Et donc lundi nous l’accompagnions pleines de confiance à ce dernier examen. Puis alors que nous, Isabelle et moi l’attendions, bavardes, dans la salle d’attente, Zoé nous revient de son entretien avec le radiologue/échographe… nous le voyons tout de suite… son visage… le sourire disparu… elle nous dit un truc suspect, pas vraiment inquiétant aux dires de l’échographe, mais un doute, il faut vérifier, d’autres analyses, d’autres examens…

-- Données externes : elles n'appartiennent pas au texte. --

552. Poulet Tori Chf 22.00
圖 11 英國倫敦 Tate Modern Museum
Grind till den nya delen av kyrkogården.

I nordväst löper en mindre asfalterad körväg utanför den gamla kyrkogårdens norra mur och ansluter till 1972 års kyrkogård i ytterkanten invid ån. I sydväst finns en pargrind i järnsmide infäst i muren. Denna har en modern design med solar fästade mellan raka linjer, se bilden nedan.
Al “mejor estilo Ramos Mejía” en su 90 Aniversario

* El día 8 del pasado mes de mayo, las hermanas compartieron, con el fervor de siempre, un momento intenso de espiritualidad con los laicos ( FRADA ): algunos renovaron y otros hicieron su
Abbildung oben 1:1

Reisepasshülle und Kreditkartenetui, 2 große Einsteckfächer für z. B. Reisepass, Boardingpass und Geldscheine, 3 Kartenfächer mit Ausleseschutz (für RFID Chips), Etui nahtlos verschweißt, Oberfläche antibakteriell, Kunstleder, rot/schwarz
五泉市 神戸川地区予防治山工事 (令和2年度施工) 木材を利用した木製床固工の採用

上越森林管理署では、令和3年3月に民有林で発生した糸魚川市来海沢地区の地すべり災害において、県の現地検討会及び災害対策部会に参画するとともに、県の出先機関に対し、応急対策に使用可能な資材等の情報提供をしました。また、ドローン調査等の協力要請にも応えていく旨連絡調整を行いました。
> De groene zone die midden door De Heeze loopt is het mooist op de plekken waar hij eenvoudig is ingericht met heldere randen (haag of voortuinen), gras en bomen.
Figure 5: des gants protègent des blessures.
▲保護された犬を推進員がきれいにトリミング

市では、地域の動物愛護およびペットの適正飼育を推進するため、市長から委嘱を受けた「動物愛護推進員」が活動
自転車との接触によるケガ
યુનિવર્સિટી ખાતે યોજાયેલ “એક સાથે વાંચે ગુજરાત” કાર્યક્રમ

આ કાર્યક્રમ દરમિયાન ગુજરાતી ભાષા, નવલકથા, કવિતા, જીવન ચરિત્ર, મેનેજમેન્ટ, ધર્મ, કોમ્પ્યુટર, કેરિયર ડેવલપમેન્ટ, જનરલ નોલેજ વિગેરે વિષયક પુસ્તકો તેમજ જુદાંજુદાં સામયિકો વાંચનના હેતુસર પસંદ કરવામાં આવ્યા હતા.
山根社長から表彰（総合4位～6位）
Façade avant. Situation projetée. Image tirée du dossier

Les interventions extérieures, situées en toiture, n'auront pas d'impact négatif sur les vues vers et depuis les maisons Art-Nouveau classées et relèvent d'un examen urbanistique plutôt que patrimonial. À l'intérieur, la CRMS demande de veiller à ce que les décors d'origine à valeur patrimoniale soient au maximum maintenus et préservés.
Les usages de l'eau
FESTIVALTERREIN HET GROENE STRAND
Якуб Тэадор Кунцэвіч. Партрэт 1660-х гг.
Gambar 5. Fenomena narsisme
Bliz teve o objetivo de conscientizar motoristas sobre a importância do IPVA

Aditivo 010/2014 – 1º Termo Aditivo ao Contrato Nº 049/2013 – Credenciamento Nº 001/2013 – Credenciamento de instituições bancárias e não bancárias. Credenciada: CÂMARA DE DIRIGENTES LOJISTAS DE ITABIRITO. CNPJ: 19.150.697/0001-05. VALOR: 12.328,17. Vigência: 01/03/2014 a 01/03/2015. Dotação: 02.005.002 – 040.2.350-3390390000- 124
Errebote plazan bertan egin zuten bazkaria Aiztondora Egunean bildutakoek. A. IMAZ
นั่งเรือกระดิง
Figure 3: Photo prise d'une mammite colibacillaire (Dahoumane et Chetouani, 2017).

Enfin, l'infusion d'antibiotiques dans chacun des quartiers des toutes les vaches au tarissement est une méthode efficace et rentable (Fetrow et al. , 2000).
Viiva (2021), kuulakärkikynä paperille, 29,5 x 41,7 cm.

Et soudain l’inquiétude, certes le gynécologue et l’échographe se veulent rassurants mais quand même il faut vérifier… et le doute… sûrement pas… mais peut-être… un tout tout petit « on ne sait jamais »…
Et le doute et la raison… et la raison et le doute… et l’attente surtout… le temps du rendez-vous pour les recherches nécessaires… des analyses… 3 semaines !!! c’est gigantesque, infini, interminable… 3 semaines de je ne sais pas… 3 semaines de doutes… 3 semaines d’incertitude…

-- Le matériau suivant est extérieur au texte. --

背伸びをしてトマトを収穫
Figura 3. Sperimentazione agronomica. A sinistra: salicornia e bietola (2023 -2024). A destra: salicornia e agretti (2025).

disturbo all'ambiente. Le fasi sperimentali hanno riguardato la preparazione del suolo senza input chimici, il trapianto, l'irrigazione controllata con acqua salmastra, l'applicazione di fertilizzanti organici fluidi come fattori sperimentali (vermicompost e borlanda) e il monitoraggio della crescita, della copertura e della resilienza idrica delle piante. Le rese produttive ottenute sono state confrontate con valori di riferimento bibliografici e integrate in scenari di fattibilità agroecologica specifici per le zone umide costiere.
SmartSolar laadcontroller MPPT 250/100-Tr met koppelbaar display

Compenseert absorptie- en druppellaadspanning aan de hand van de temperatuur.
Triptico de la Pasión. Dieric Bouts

C’est long de ne pas savoir, ça grignote, ça use… les scénarios insensés, les espoirs fous, les peurs irraisonnées…
Et vous dans mon cabinet, je le vois comme c’est difficile pour vous quand vous ne savez pas :
Il y a cet entretien d’embauche que vous avez eu il y a quelques jours, vous n’étiez plus que 2 en lice, ce job vous plait, vous avez le sentiment que tout s’est bien passé, 5 mois que vous êtes en recherche d’emploi… c’est important il vous le faut… mais qui sait une chance sur 2, c’est maigre, c’est beaucoup, ça pourrait être tellement pour vous, le début de milliers de projets, de sécurité… peut-être, peut-être pas… ne pas savoir.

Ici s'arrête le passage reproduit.